• **PROBLEM TO WORK ON**:
From the records below, print exactly the lines starting at the one containing "産後の骨盤矯正で通わせていただいております。" and ending at the one containing "加2.4萬到了二階的經典型,除了較「有模", ends included, and nothing else.

Entries taken from a collection:
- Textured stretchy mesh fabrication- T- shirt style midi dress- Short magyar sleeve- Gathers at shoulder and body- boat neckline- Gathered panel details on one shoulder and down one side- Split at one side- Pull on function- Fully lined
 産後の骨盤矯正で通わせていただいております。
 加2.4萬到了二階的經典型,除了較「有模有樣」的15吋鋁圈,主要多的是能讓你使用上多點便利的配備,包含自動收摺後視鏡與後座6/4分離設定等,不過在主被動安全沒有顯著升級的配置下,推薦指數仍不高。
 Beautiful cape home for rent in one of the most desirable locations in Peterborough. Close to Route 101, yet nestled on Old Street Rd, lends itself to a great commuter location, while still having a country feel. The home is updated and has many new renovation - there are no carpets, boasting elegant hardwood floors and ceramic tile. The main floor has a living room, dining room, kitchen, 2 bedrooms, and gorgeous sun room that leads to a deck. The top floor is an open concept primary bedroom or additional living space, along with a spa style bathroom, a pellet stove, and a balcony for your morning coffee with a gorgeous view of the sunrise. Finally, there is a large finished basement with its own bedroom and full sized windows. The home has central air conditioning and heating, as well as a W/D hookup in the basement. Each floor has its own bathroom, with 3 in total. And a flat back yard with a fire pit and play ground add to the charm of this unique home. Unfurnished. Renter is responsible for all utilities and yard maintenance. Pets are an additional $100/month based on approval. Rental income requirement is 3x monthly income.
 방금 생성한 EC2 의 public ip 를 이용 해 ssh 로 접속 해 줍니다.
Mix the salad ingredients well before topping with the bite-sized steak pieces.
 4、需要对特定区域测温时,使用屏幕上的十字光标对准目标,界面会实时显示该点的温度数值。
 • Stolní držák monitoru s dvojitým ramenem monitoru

• **OUTPUT BELOW**:
 産後の骨盤矯正で通わせていただいております。
 加2.4萬到了二階的經典型,除了較「有模有樣」的15吋鋁圈,主要多的是能讓你使用上多點便利的配備,包含自動收摺後視鏡與後座6/4分離設定等,不過在主被動安全沒有顯著升級的配置下,推薦指數仍不高。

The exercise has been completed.